Belki ikisini birlikte alırım demiştim ama yok, yaptığım plan işe yaramamıştı. Ayrıca eve ayakkabılarımla girdiğim için üzerine bir ton azar yemiş, tatil yolculuğumuza ağlayarak başlamıştım. Ve size bir şey söyleyeyim mi? Kovamı o hışımla kaptığımda fark etmeden içindeki küreği yere düşürmüşüm. Çok sonra fark ettim. Taa gideceğimiz yere vardığımızda, denize girmek için hazırlandığımızda fark ettim. Babama çok yalvardım gittiğimiz yerde, buralarda bir yerden kürek alalım diye ama hiç oralı bile olmadı. Kaale alıp verdiği tek cevap vardı: “Ellerini kürek gibi kullanırsın.” Hoş o da dalga geçer gibi ya neyse… Ben 5. Sınıfa gidiyorum. Ve ben o zamanlar beşinci sınıfa daha yeni geçmiş bir çocuk için oldukça zor zamanlardı. Hem Jamie ve Kova arasında kalıp hayatımın en zor seçimini yapmak zorunda kaldım. Hem de Kovanın içindeki küreğimi düşürdüm. Omuzlarımdaki yük o zamanlardan başlamıştı ağır gelmeye. Kader utansın!

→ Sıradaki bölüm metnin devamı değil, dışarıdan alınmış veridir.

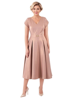 Elegancka sukienka rozkloszowana midi z paskiem – modny fason na wesele i komunię 39779
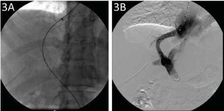 Total gastrectomy with curative intent is indicated based on the pathological findings, upper gastrointestinal endoscopy, and negative dissemination study. However, its performance implies a high risk of variceal bleeding, putting the patient’s life at risk. On the other hand, despite its effectiveness, endoscopic treatment of gastroesophageal varices is not an adequate strategy in this patient because it causes anatomical distortion, and complex surgical management in the tissues esophagojejunanastomosis will be performed. In this context, and to achieve curative treatment, we decided to decrease portal pressure prior to surgery by installing TIPS (Figure 3). Specifically, we proceeded to install TIPS portocava, which passed without incident.
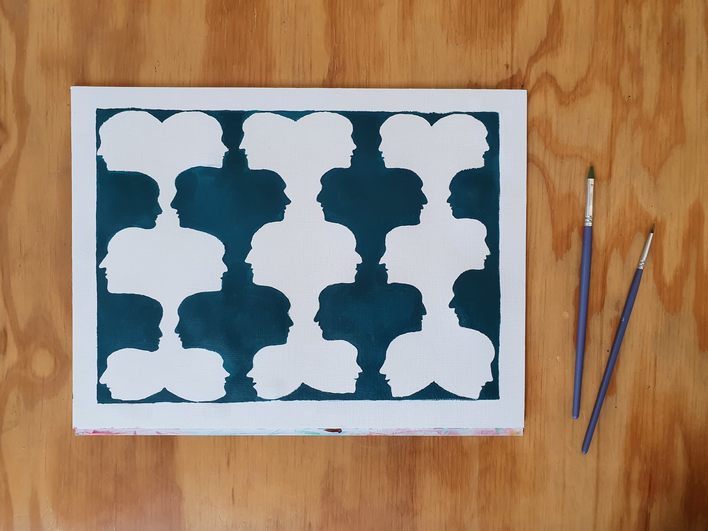 Nach unseren Herbstferien geht es für mich wieder im Atelier weiter. Diesmal setze ich das Thema “Verhänkt” in Acryl um. Ich mische mir dafür ein Petrolgrün, das leider auf dem Foto oben wie ein simples Dunkelblau aussieht. Etwa zwei Stunden lang male ich konzentriert mit meinem feinsten Pinsel.
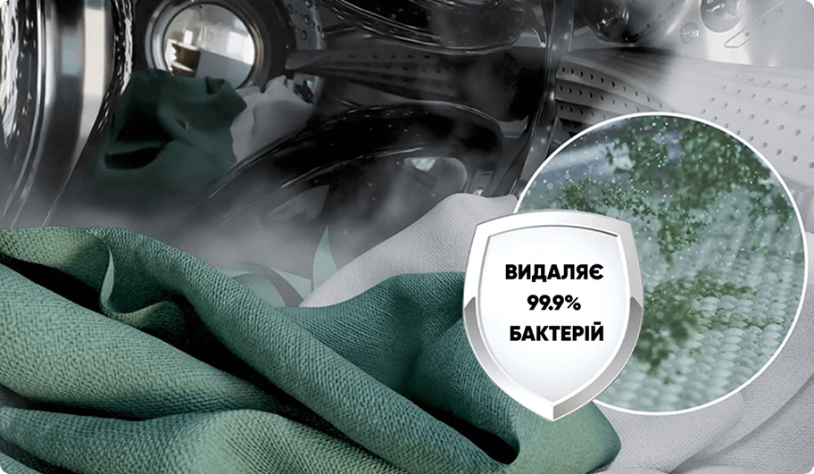 У вибраних програмах можна активувати подачу пари. Це дозволяє дезінфікувати одяг і позбутися бактерій. Крім того, пара пом’якшує й розгладжує волокна тканини, полегшуючи видалення забруднень, зменшуючи кількість складок і спрощуючи прасування.
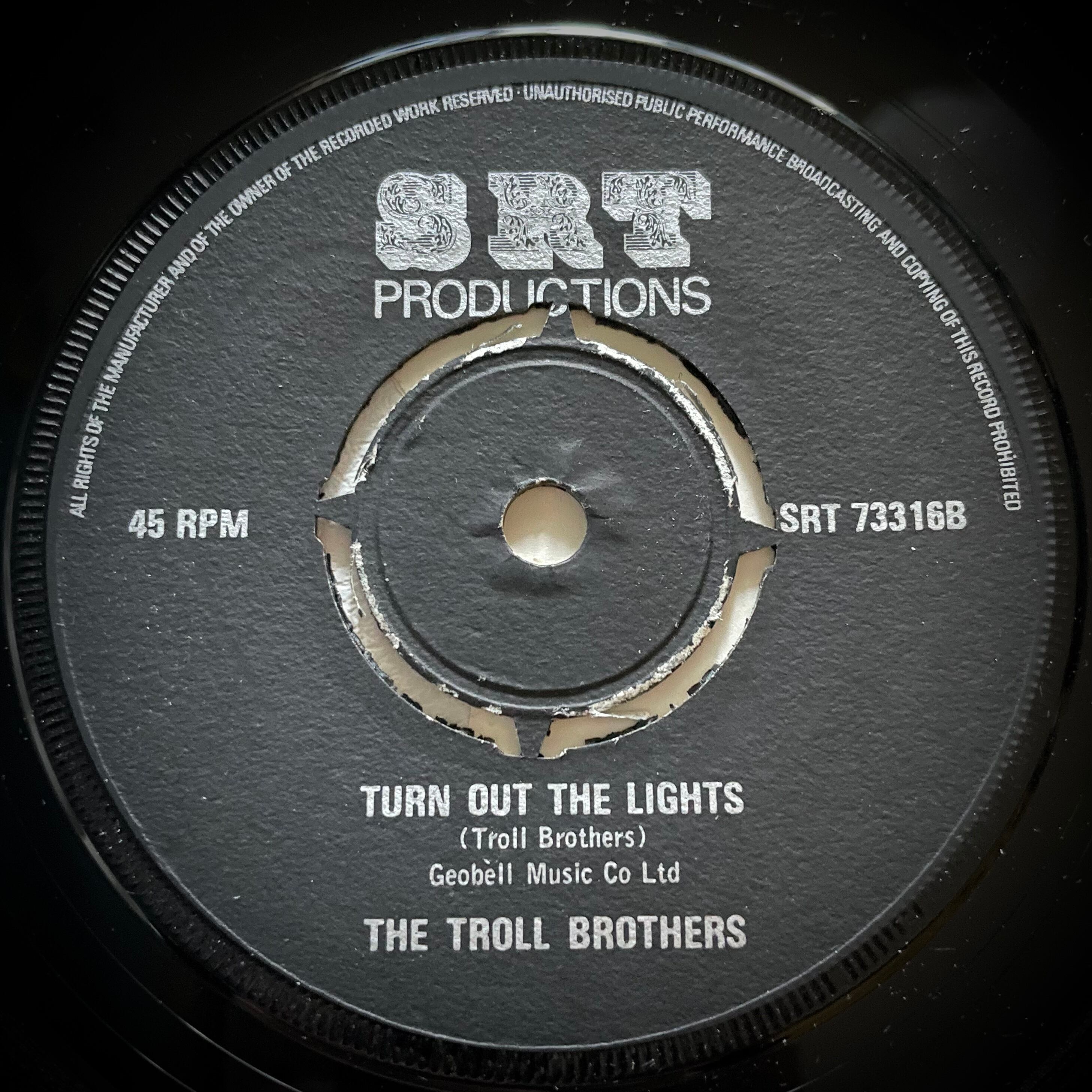 英国 Private Press で有名な SRT Productions Ltd. より1973年にリリースされた The Troll Brothers の唯一シングル盤。コアな Glam ファンに人気のA 面「You Turn Me On」は 近年 Ace よりリリースされた Bob Stanley & Pete Wiggs - Three Day Week (When The Lights Went Out 1972-1975) 収録。嬉しいバンドのプロモ用?写真付属。
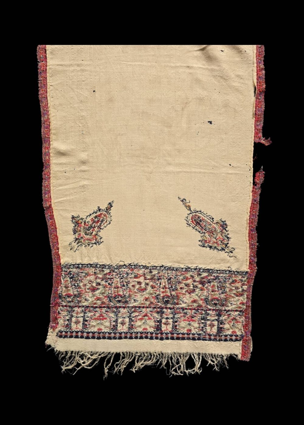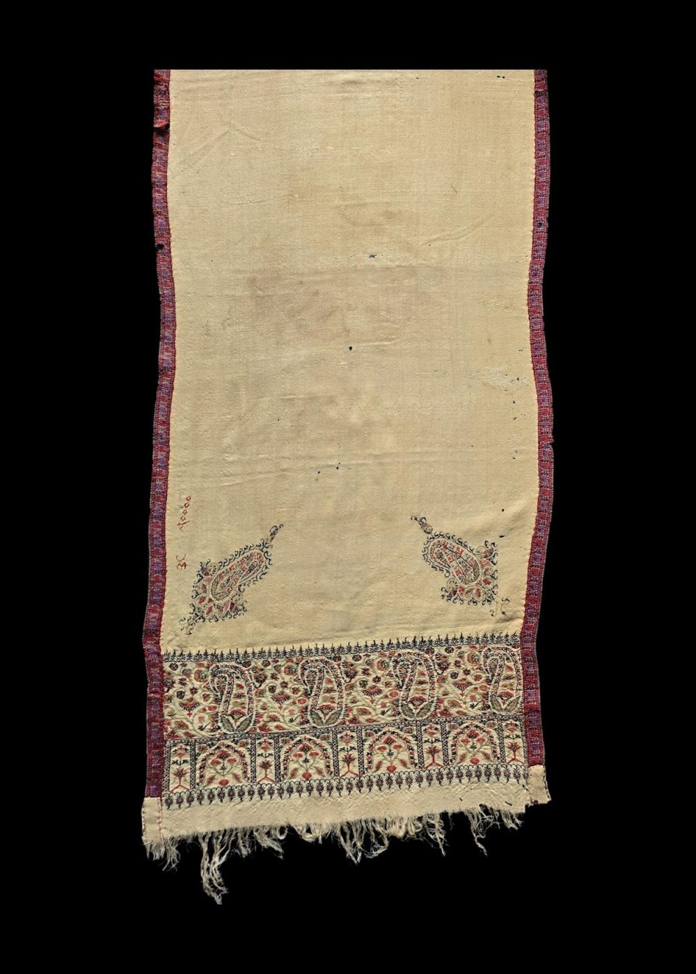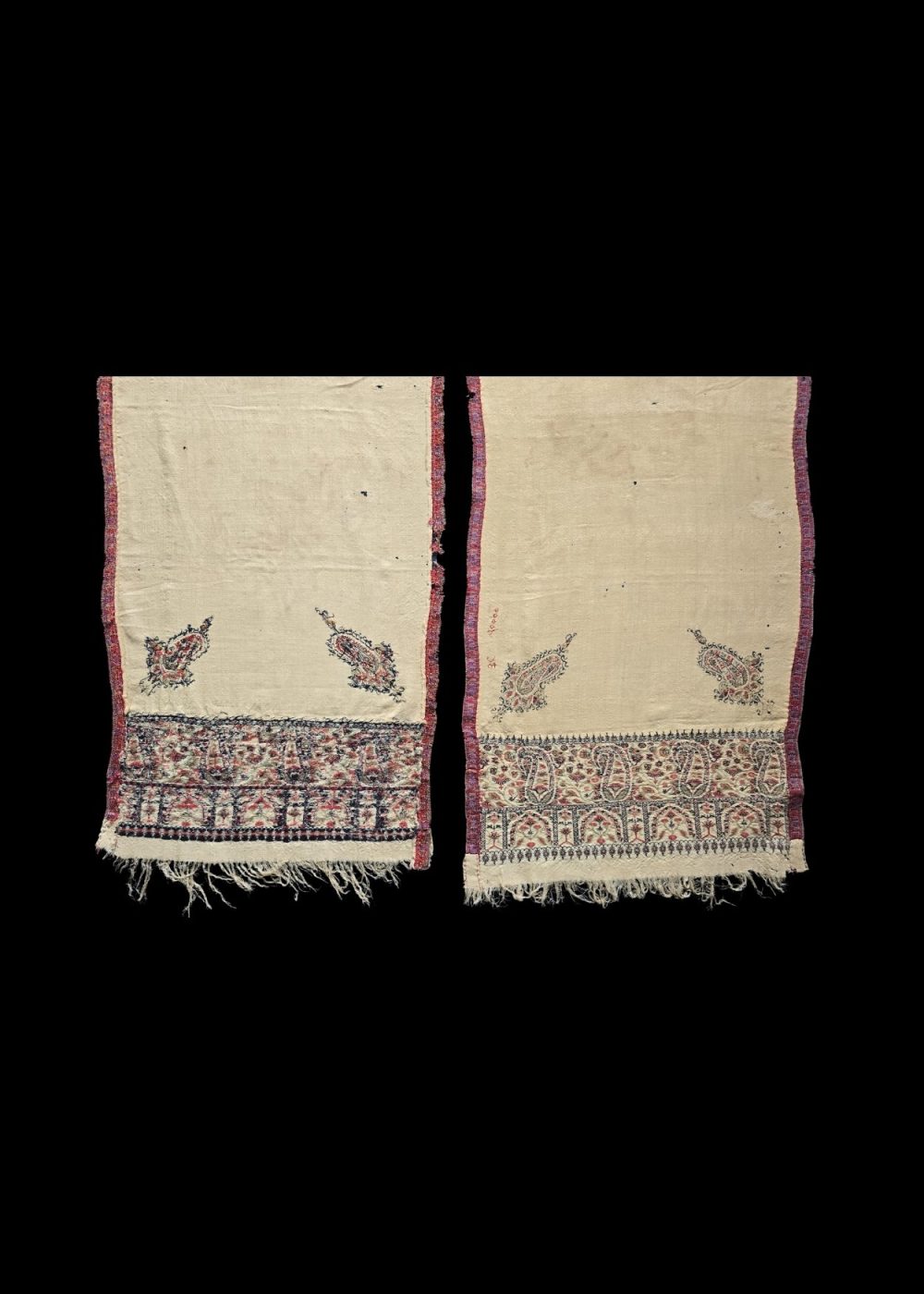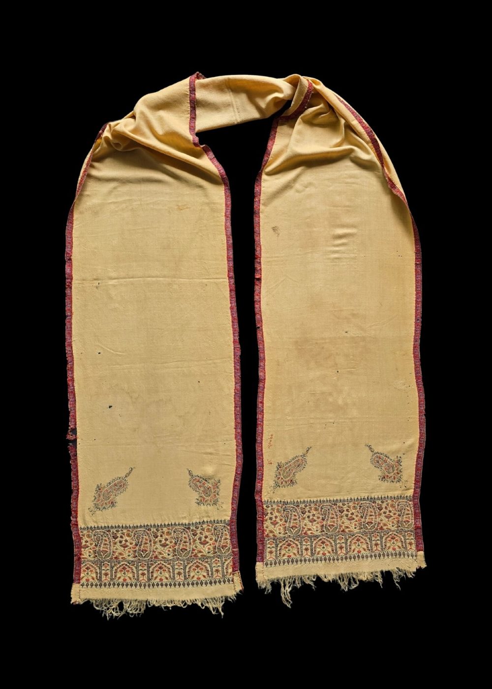 This elegant Pashmina kamarband from Kashmir showcases the region’s renowned craftsmanship in fine wool weaving and embroidery. The soft cream base is adorned with delicate paisley motifs and a richly patterned border in muted tones of red and gold, rendered with traditional Sozni embroidery. Worn as a decorative waist sash, this piece reflects the refined artistry and luxurious textile heritage of Kashmiri artisans.
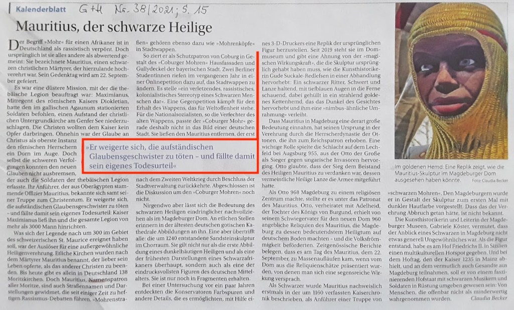 zu “Mauritius, der schwarze Heilige“ [Feuilleton]
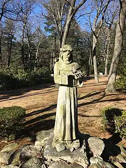 A garden statue of Francis of Assisi with birds
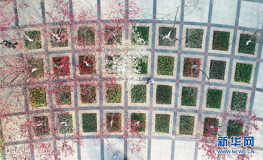 这是4月10日在河北石家庄植物园拍摄的郁金香“天使在花间”主题展览。新华社发(梁子栋 摄)
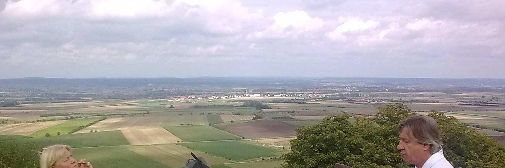 Aufgepasst! Nach knapp 100 m führt uns ein Pfad, halbrechts nahezu unvermittelt über einen Graben. Unterhalb der dicht bewachsenen Heckenreihe, ohne sichtbaren Weg, wandern wir über die Brachwiese bis zu einer rund 150 m entfernten Querhecke. Wir suchen uns eine wenige Meter nach links versetzte Lücke und arbeiten uns vorsichtig durch das Heckenwerk – hier hat die Natur ihren Platz wieder zurückerobert. Mit herrlich weitschweifenden Blicken geht es danach über die Wiesenfluren weiter. Vor uns liegt Westheim, links dahinter Illesheim, am Horizont die Burg Hoheneck.
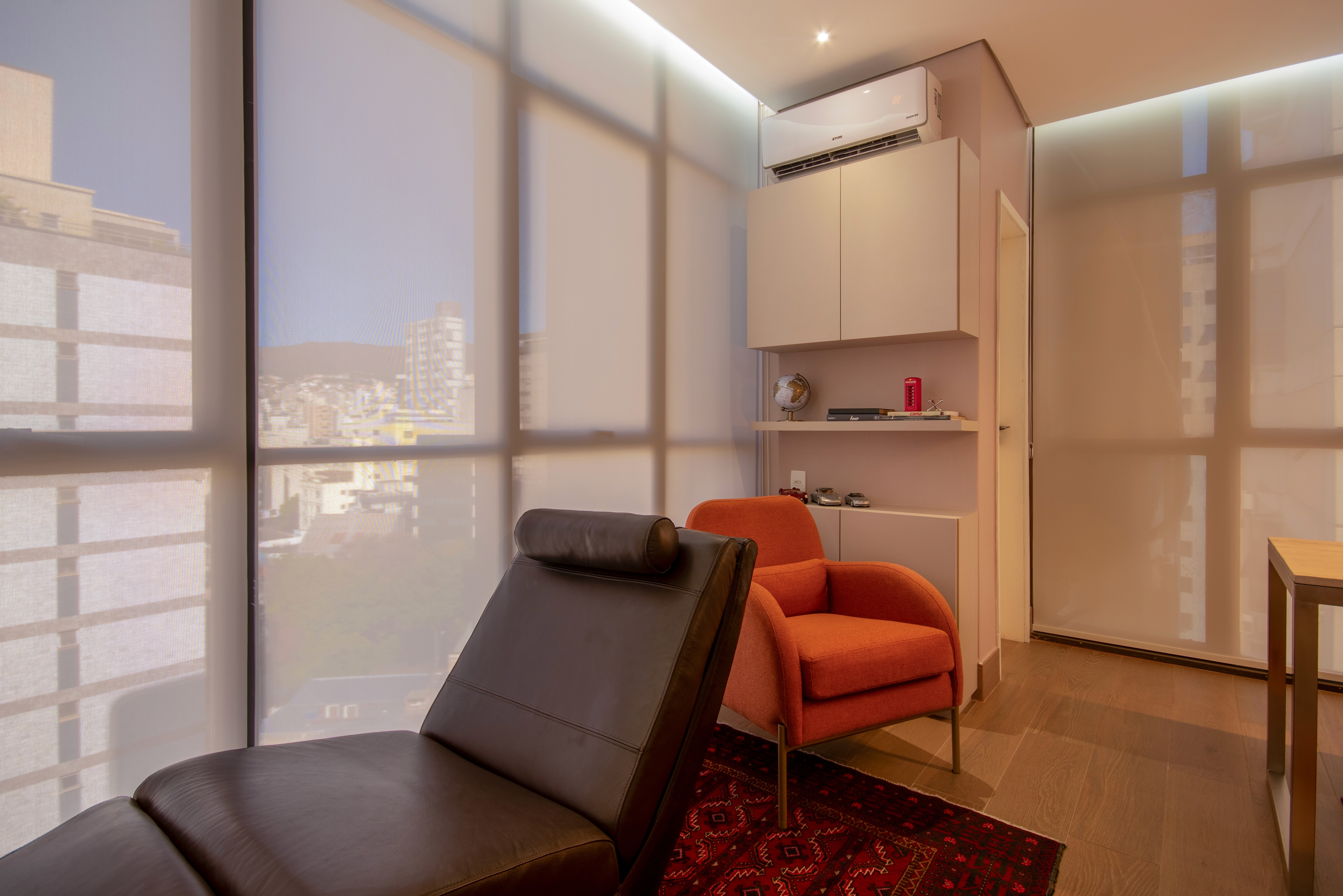 A psychologist's office with a calming and serine design for both clients and professional.
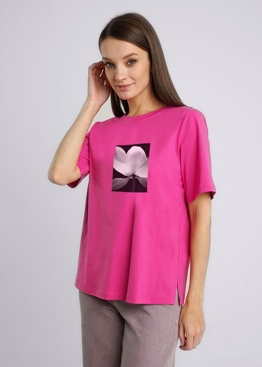 Джемпер оверсайз из хлопкового трикотажного полотна. Короткий втачной рукав. Круглый вырез горловины обработан рибаной. По бокам разрезы. По переду термонаклейка. 100% хлопок
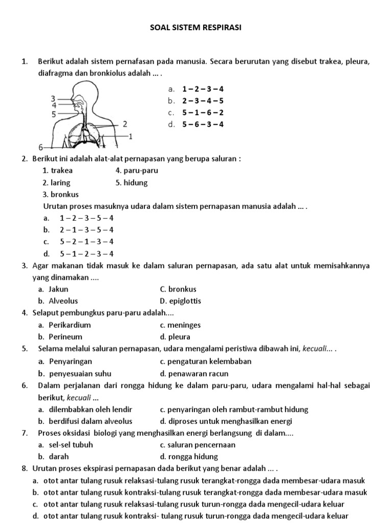 Soal Biologi : Sistem Pernapasan Manusia – Hewan & Jawaban - Muttaqin id
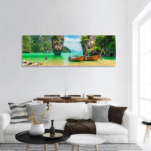 Phuket Island Panoramic Canvas Wall Art presents a tropical beach scene with blue and green sea, limestone karst formations, two longtail boats and a person wading in the water. The realistic panoramic composition follows the rule of thirds and feels serene yet vibrant. Suits coastal or modern interiors as a calm, natural focal point.

Neyse Allahtan plajda, aynı otelde kaldığımız bir kızla tanıştım. Onun vardı küreği. Ben ne zaman kumdan kale yapmak için kovamı elime alsam o da yan taraftan kova ve küreğini alıp yanıma gelirdi. Hiç sıkıntı yaşamadım yani bu konuda. Biraz düşündüm de, sanırım o kız benden hoşlanıyordu. Ama ben ondan hoşlanmıyordum tabi, kimseden hoşlanmıyordum…
Bu arada benim ayımın eskiden adı Sarı Kız’dı, annemle öyle koymuştuk. Çünkü annem küçüklüğünden beri onların Sarı Kız adındaki bir ineğiyle arkadaşlık yapmış, yalnız bir kız çocuğuymuş garibim… Benim arkadaşımın adını da o yüzden Sarı Kız yaptık. Ama geçen sene Can bize geldiğinde “Sarı Kız ne lan? Bebek misin?” dedi. O yüzden Canla biraz düşünüp, Jamie koymaya karar verdik, hem karizmatik hem de sevimliydi.
Tatil dönüşümüzde yeniden doğmuş gibi oldum. Gidişimizdeki yoğun stresi unutmuştum resmen. Çok uzun süren, bol şarkılı ama sıkıcı yolculuğumuzun ardından şehre girdik. Bir süre sonra da bizim mahalleye. Arabadan inince sarı evlerin oradaki toprak sahaya uğradım belki arkadaşlarım oradadır diye. Bizimkiler maç yapıyordu. Çocuklar beni görünce başıma toplandılar hatta bazıları bana sarıldı. Şaşırmıştım, çünkü pek sevildiğimi düşünmem ben bizim mahallede. Ana kuzusu diye dalga geçerler sürekli. Herhalde “Çok dalga geçtik, biraz da sevelim…” diye düşündüler.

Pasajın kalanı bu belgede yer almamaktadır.